Studien nur bedingt aussagekräftig
Wie oben gezeigt, unterscheiden sich die Zahlen der verschiedenen Institute in Teilen. In der Gesamtschau legen sie jedoch nahe, dass es in den Wahlprogrammen von Union, FDP und AfD die Besserverdienenden sind, die am stärksten von steuerlichen Entlastungen profitieren würden. SPD und Grüne setzen dagegen tendenziell auf eine stärkere Belastung hoher Einkommen, so der allgemeine Befund. Alle Institute weisen in ihren Analysen allerdings darauf hin, dass es sich bei den Resultaten allenfalls um Näherungswerte handeln könne. Bei Betrachtung der unterschiedlichen Wahlprogramme seien dezidiert nur jene steuerpolitischen Maßnahmen berücksichtigt worden, die sich konkret in Zahlen übersetzen lassen.

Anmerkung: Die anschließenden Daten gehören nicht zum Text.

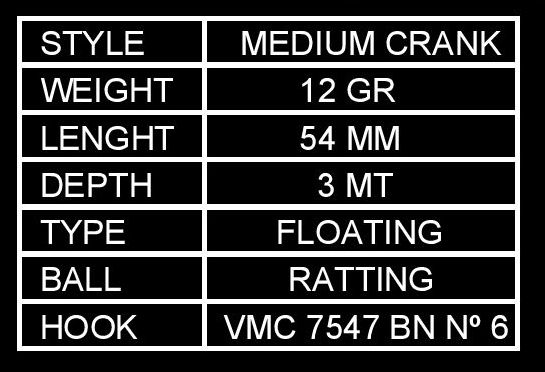Tabela de especificações técnicas para um produto de pesca

Das ZEW schreibt wörtlich:
Es geht also vor allem um jene Passagen in den Wahlprogrammen, die sich auf steuerpolitische Themen, wie z.B. Einkommensteuer, Solidaritätszuschlag, Vermögensteuer, Bürgergeld oder Mindestlohn beziehen. Zudem komme man dabei nicht umhin, mit Schätzungen zu arbeiten, heißt es seitens der Forscher.
FDP kritisiert ZEW-Studie: "Irreführende Ergebnisse"

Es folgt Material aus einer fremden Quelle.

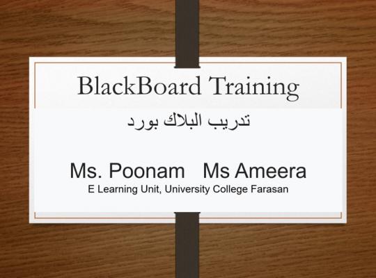 How to access " Blackboard " program: A workshop at the University College of Farasan The University College Farasan, represented by the Learning Resources and E-Learning Unit, implemented a workshop entitled "How to access the Blackboard program"
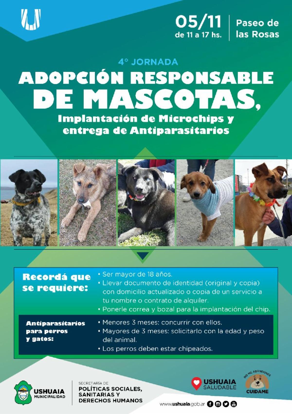 Allí se realizará la implantación de microchips en canes a partir de los tres meses de edad, adopción responsable de canes de los caniles municipales, entrega de antiparasitarios para perros con chip (excluyente) y la entrega de antiparasitarios para gatos. Se recuerda que para la implantación de los microchips, el propietario del can debe ser mayor de 18 años de edad, concurrir con documento de identidad (original y copia), con domicilio actualizado o agregar copia de servicio o contrato de alquiler. El can a registrar debe ir con collar y correa y además bozal en los casos de animales agresivos. Para la adopción responsable de canes de los caniles municipales, los interesados en adoptar también deben ser mayores de 18 años de edad y concurrir con DNI (original y copia) y domicilio actualizado. En tanto para la entrega de antiparasitarios para los perros con Chip, se pueden retirar los comprimidos de acuerdo al peso y edad del animal a partir de 3 meses. El propietario debe concurrir con copia del DNI. Si son cachorros menores a tres meses deberá concurrir con ellos para aplicar el antiparasitario en el lugar. Los antiparasitarios para gatos mayores de tres meses no es necesario llevarlos al lugar, hay que solicitar antiparasitario con el peso y la edad. TAMBIÉN HABRÁUN STAND EN LA FERIA DEL LIBRO En el marco de la XXII Feria del libro a llevarse a cabo el 3 de noviembre del corriente año en la Escuela N° 13, sita en Gobernador Paz 1811, la Subsecretaría de Políticas Sanitarias de la Municipalidad de Ushuaia, a través de la Dirección Municipal de Zoonosis y la Dirección de Municipios Saludables, estará presente con un stand de la campaña de sensibilización en Tenencia Responsable de Mascotas y prevención de mordeduras "Can-viviendo en Ushuaia", en el horario de 9:00 a 20:00 horas. En el Playón de estacionamiento de la Escuela Nro. 13, estará el quirófano móvil, en el horario de 09:00 a 17:00 horas con los siguientes servicios gratuitos ofrecidos: Implantación de microchip en canes a partir de los tres meses de edad; entrega de antiparasitarios para perros con chip (excluyente) y la entrega de antiparasitarios para gatos.

So sind die Analysen der Institute immer wieder Gegenstand der Kritik. Insbesondere die ZEW-Studie sorgte zuletzt für Aufsehen. Kurz nach ihrer Veröffentlichung erhob die FDP den Vorwurf, die Studie enthalte fehlerhafte Berechnungen und komme zu "irreführenden Ergebnissen", wie FDP-Generalsekretär Marco Buschmann Ende Januar in einem Brief an das ZEW schrieb. Die Partei wehrte sich gegen den Eindruck, kleinere Einkommen zu benachteiligen.

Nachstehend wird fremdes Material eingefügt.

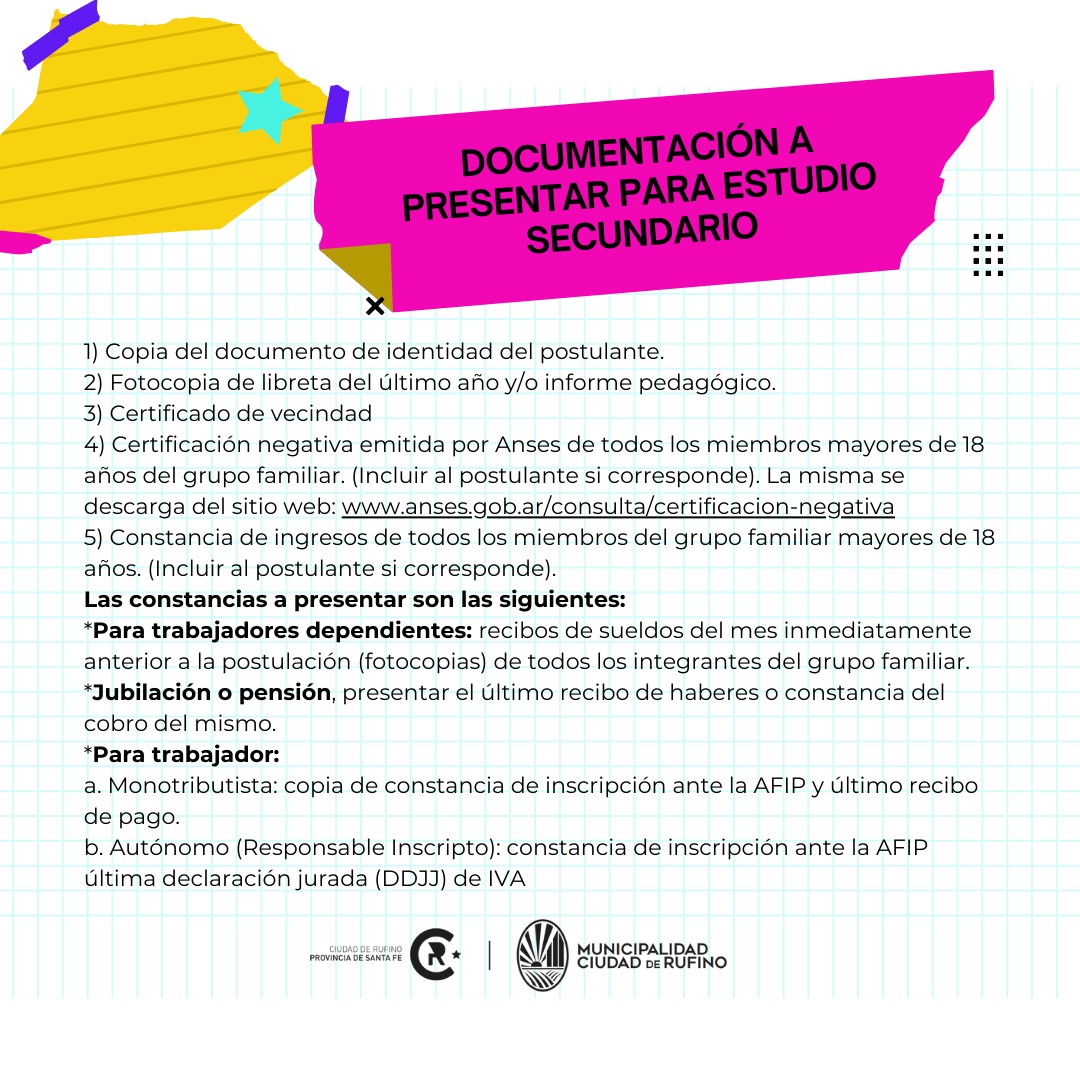 La Municipalidad de Rufino informa que se abre la segunda etapa de inscripciones para las becas destinadas a estudiantes de niveles secundario, terciario y universitario de instituciones públicas y privadas, hasta el 14/02 inclusive. Las mismas se realizan en las oficinas de Desarrollo Social (Bv. Belgrano 220), de lunes a viernes de 9 a 13 horas.

Buschmann kritisierte, die ZEW-Studie habe fälschlich angenommen, seine Partei plane, das Wohngeld abzuschaffen. "Die FDP fordert jedoch weder im Wahlprogramm noch an anderer Stelle die Abschaffung des Wohngelds. Vielmehr fordern wir die Bündelung steuerfinanzierter Sozialleistungen in einer Leistung und an einer staatlichen Stelle", schrieb Buschmann. Außerdem greifen die ZEW-Berechnungen seiner Ansicht nach zu kurz, weil nicht berücksichtigt werde, dass das FDP-Programm "Wirtschaftswachstum in Deutschland deutlich und nachhaltig anheben und mehr Menschen in Arbeit bzw. in bessere Beschäftigung bringen" könne.
Das ZEW reagierte auf die Kritik. In der Berechnung habe man die Wohnkosten zwar nicht als separates Wohngeld, aber als gebündelte Leistung im Rahmen des Bürgergelds abgedeckt, erklärte das Institut gegenüber dem ZDF. Zum zweiten Kritikpunkt, dass langfristige Auswirkungen des FDP-Programms auf das Wirtschaftswachstum nicht berücksichtigt worden seien, stellte das ZEW fest, dass im Rahmen der Studie nur kurzfristige Wirkungen zu berücksichtigen waren. Mögliche Folgewirkungen, die sich langfristig aus dem Wahlprogramm entwickeln, könne man nicht in die Berechnungen einbeziehen. Das gelte für jede Partei gleichermaßen, betont das ZEW.
Fazit: Im Vorfeld der Bundestagswahl haben sich diverse Wirtschaftsforschungsinstitute mit der Frage beschäftigt, wie sich die Steuerkonzepte der Parteien konkret auf das Einkommen der Bevölkerung auswirken würden. Die Zahlen gehen dabei teilweise deutlich auseinander, insgesamt zeigt sich aber, dass es in den Wahlprogrammen von Union, FDP und AfD die Besserverdienenden sind, die am stärksten von steuerlichen Entlastungen profitieren würden. SPD und Grüne setzen dagegen tendenziell auf eine stärkere Belastung hoher Einkommen, so der allgemeine Befund. Die Institute weisen jedoch darauf hin, dass ihre Resultate nur als Näherungswerte zu verstehen sind. So können etwa längerfristige Effekte der Wahlprogramme, z.B. auf die Konjunktur, in den Berechnungen nicht berücksichtigt werden. Auch habe man teilweise mit Schätzungen arbeiten müssen. Aus diesem Grund sind die Analysen der Institute immer wieder Gegenstand der Kritik.